In farming and agriculture in general, there are conditions that are beyond the control of the farmer or the producer. One of these conditions is weather.

It is not uncommon to encounter unpredictable weather such as the drought that the Midwest went through. Some years we are faced with an early frost. The soybeans, for example, don’t get the chance to be fully matured prior to the harvest. The soybeans are termed either immature, frost damaged or green.

The market value of such beans is very low and can translate into huge profit losses to the producers.

South Dakota State University swine scientists, Dr. Bob Thaler, has conducted studies in the early 1990’s demonstrating that you can recover the value of those beans via extruding and feeding them to swine thus eliminating huge profit losses by the producer.

Below is an article Dr. Robert Thaler published on September 19, 2001, dealing with this subject.

He wrote, “Due to a wet spring, late plantings, and a cooler growing season, the recent frost in the northern half of the region has resulted in some frost-damaged or green soybeans.

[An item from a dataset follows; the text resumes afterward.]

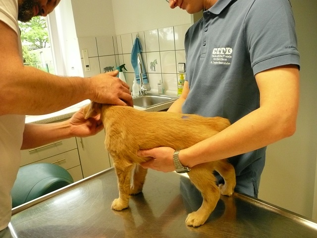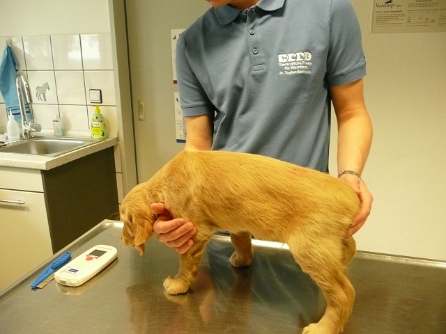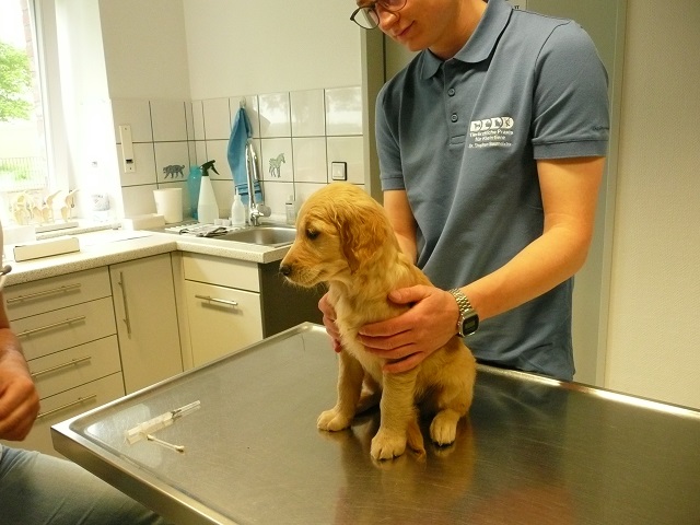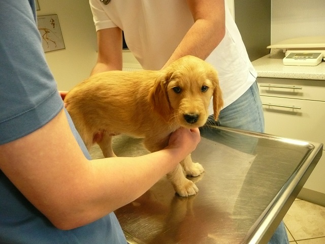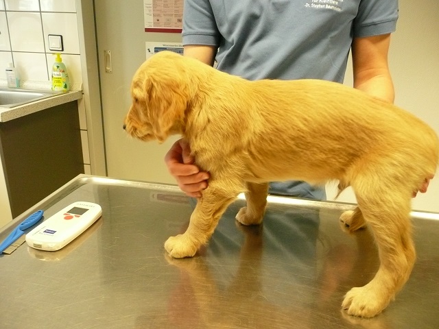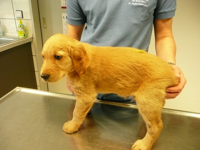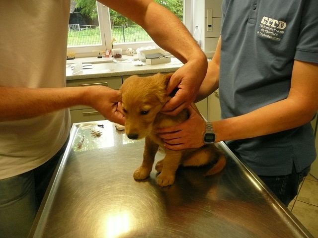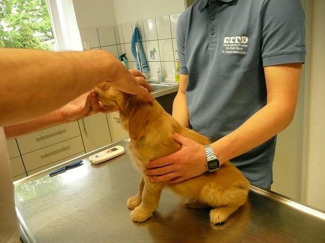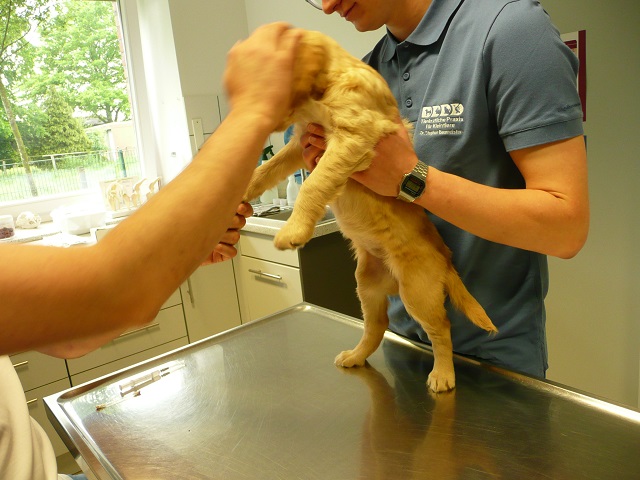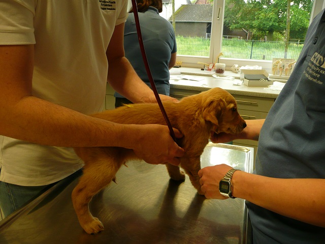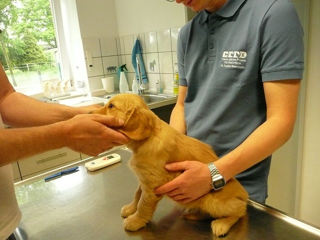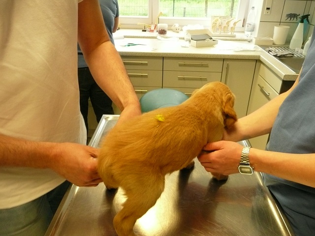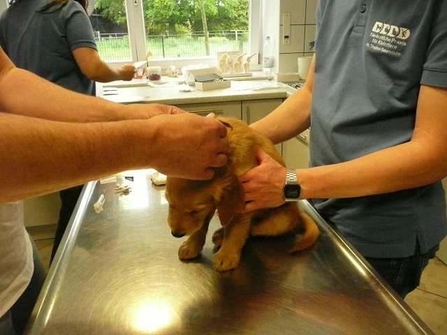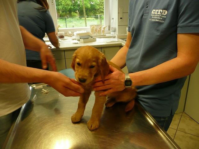 Da wir dann doch sehr zeitig bei unserem Doc in Hamm ankamen, hatten sie Zeit die Kotprobe zu untersuchen...Entwarnung, keinerlei Parasiten und besonders keine Giardien...was war ich froh. Nun konnte es losgehen. Ein Welpe nach dem Anderen mussten wir aus ihrem Spiel reissen...das hatten wir auch noch nicht, Welpen die im Kennel spielen :-)) Die Untersuchung verlief erfreulich, es gab keinerlei Beanstandungen. Zähne, Augen und Ohren okay, Zustand der Welpen okay...obwohl Yule durch ihren schlechten Tag einiges an Gewicht verloren hatte, sah der Doc keinen Grund sie nicht zu Impfen. Kondition war bei Allen super. Als wir mit allen Welpen fertig waren meinte der Doc, selten Welpen mit so einem ruhigen Herzschlag...in keiner Weise aufgeregt bei der Untersuchung...echt cool!!! Zum Schluss sah er sich Sunny an aber auch bei ihr war alles in bester Ordnung.

Green beans are often severely docked at the elevator because the higher levels of chlorophyll in the bean will also end up in the soybean oil and soybean meal after they are processed, which will then be discounted in the market.”

“However, research at SDSU has shown that the swine industry is an excellent market for green, immature soybeans. Finishing pigs fed extruded green soybeans grew at the same rate; but were more efficient than the pigs fed mature extruded soybeans. Also, there were no differences in carcass characteristics. Raw soybeans must be heat-treated to inactivate the anti-nutritional factors in soybeans before they can be fed to pigs. And if the soybean is fully developed but just green, it has the same feeding value as mature/yellow soybeans after they are extruded. Depending on the cost of the bean at the elevator and cost of extrusion, there can be significant feed cost savings by using frost-damaged soybeans as a protein source in pig diets. One of the benefits of feeding extruded or “full-fat” soybeans is that it’s a very easy way to add fat to a diet.”